Chronique | Author & Punisher - Krüller

Pierre Sopor 12 février 2022

Alors que Beastland, sorti en 2018, hante encore nos tympans, AUTHOR & PUNISHER revient à la charge avec Krüller, un nouvel album sur lequel Tristan Shone continue de faire évoluer son doom industriel. Jusqu'à présent, c'était Shone seul, engoncé dans un bric-à-brac de sa propre conception, qui donnait vie à une musique puissante dominée par des machines impitoyables. La création se faisait alors presque performance, sa façon de travailler illustrant à elle seule le transhumanisme ainsi que la lutte de l'Humanité pour exister dans un environnement entièrement mécanique et synthétique. Sur Krüller, AUTHOR & PUNISHER ouvre ses portes et ses horizons.
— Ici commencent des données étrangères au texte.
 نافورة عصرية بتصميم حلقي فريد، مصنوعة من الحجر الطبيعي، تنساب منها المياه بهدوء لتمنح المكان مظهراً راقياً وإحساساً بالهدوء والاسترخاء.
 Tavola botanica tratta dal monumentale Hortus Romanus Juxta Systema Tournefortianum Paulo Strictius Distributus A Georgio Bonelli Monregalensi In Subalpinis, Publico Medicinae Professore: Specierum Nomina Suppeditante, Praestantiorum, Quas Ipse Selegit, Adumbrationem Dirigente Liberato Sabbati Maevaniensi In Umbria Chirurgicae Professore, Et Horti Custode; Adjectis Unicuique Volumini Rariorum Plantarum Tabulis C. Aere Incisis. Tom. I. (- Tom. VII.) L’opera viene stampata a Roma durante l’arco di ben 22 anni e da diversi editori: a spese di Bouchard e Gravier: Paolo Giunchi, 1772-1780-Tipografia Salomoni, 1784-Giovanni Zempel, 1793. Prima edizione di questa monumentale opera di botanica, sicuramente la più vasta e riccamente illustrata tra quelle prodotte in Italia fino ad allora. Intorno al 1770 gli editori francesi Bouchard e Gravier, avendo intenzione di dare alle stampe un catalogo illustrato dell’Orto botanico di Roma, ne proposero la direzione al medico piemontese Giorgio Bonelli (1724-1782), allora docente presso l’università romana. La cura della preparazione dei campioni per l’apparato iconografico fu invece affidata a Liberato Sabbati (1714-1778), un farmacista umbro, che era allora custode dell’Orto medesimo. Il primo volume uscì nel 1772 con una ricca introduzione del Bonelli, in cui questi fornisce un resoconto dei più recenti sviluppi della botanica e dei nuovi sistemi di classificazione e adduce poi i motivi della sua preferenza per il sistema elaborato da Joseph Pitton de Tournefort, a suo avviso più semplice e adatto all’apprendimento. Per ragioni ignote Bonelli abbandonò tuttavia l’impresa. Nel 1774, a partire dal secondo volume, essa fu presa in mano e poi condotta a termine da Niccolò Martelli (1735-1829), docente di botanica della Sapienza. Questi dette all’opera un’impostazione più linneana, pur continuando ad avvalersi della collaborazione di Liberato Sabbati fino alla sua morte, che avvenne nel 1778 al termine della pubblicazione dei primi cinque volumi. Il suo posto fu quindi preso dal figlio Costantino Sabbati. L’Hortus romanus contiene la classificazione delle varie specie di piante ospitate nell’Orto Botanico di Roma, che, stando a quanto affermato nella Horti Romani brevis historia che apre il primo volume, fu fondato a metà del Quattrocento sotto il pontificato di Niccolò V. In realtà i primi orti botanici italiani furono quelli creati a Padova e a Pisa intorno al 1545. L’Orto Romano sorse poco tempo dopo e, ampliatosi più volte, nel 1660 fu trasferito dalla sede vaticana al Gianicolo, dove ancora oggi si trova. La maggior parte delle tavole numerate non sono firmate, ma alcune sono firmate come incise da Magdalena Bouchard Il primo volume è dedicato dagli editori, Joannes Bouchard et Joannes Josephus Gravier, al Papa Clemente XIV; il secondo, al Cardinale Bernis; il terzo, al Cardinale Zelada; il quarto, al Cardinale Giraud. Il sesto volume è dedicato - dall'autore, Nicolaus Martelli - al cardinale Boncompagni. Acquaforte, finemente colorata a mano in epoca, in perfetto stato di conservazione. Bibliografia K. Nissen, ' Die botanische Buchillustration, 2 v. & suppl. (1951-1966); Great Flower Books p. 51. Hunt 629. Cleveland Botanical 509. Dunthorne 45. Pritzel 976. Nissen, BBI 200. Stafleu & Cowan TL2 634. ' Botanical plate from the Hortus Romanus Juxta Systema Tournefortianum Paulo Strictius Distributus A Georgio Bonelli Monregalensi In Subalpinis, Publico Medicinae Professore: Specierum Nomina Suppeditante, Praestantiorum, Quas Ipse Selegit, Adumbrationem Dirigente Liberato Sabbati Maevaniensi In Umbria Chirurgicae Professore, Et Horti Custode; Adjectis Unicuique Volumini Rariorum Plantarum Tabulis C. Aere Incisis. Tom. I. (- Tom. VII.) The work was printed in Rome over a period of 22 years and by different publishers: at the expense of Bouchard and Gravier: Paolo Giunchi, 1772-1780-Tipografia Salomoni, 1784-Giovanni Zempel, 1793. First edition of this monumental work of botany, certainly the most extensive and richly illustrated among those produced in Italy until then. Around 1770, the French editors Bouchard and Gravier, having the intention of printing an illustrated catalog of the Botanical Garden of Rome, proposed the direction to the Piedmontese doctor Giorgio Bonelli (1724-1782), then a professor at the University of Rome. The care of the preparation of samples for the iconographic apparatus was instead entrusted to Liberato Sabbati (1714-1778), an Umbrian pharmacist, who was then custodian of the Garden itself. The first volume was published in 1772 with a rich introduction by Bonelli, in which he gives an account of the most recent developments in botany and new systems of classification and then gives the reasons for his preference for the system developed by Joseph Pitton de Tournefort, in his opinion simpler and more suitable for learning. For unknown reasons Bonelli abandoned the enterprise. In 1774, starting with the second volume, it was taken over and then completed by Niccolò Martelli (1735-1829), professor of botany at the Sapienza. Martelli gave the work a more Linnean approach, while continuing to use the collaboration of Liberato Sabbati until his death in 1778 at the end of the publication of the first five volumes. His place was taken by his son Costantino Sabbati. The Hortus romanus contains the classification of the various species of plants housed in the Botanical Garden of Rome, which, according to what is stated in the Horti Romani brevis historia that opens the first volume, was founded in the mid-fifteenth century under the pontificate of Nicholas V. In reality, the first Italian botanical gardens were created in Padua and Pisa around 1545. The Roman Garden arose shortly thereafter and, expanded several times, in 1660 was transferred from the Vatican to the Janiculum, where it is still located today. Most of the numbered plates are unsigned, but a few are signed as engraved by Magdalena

Premier changement de taille : désormais, le projet est un duo puisque Phil Sgrosso de AS I LAY DYING assure les parties de guitare. Des guests s'incrustent également, comme les batteur et bassiste de TOOL, Danny Carey et Justin Chancellor (respectivement sur Misery et Centurion). Cette ouverture se traduit par un son moins extrême, un tantinet plus organique aussi, confirmant l'orientation prise par Shone depuis l'EP Pressure Mine, et, paradoxalement, sa signature sur le label Relapse Records, pourtant friand de son dur.

C'est donc un AUTHOR & PUNISHER plus atmosphérique et mélodique, qui ouvre les hostilités avec Drone Carrying Dead. Les machines sont toujours très présentes, mais les borborygmes et hurlements distordus ont muté vers un chant plus clair que jamais. La mélancolie se pose comme émotion dominante, notamment quand il s'agit de déconstruire le classique de PORTISHEAD, Glory Box en réussissant à en garder la saveur intimiste. Krüller est un album pesant, qui joue sur sa longueur pour planter un décor déprimé et apocalyptique : les machines ont rouillé, le son est plus clair, et, en ralentissant la cadence, AUTHOR & PUNISHER n'en devient pas spécialement plus accessible (bien au contraire, l'étrange structure de Maiden Star a plutôt tendance à nous perdre). La noirceur de l'ambiance, elle, fait frissonner. Misery, avec son intro sinistre et sa montée en intensité menée par la guitare (peut-être son apport le plus significatif sur l'album) et la batterie fonctionne du tonnerre et le morceau-titre en guise de conclusion nous broie de toute sa fatalité et sa pesanteur pour nous laisser, hagards, sur des samples et une mélodie lugubre à l'effet redoutable.

Les rythmiques qui nous martèlent les sens n'ont pas été oubliées. Le rouleau-compresseur méticuleux qu'est Incinerator et l'hymne en puissance Centurion sont là pour nous le prouver et renouent avec une forme d'efficacité et de frontalité qui, soyons honnêtes, nous caresse dans le sens du poil,  : c'est répétitif, aliénant, impitoyable, bref, comme on aime. Parmi les morceaux plus rythmés, Blacksmith fait office d'OVNI avec ses expérimentations IDM nerveuses inédites mais convaincantes. Mentionnons d'ailleurs la qualité de production, rendant justice à toute la panoplie de sons méticuleusement utilisés par Shone, que l'on apprécie d'autant plus que le mur de son habituel est moins saturé de réverbérations, les drones moins punitifs, mettant chaque élément en valeur.

AUTHOR & PUNISHER évolue, essaye, mute. Krüller, en nuançant le son, n'est pas son album le plus immédiatement efficace. Il est plus exigeant qu'à l'accoutumée et exige une écoute patiente, qui laisse aux titres le temps de dévoiler tout leur potentiel et leur puissance. Au fil des écoutes, il s'avère épique, dévastateur, imparable et d'une cohésion remarquable. Ce travail d'orfèvre finit par devenir plus étouffant et écrasant encore qu'à l'accoutumée, un sentiment de noirceur poisseuse et de désillusion venant se greffer au massacre mécanique. Ces paysages musicaux ravagés, dévastés et désespérés touchent, dans leurs meilleurs moments, au superbe.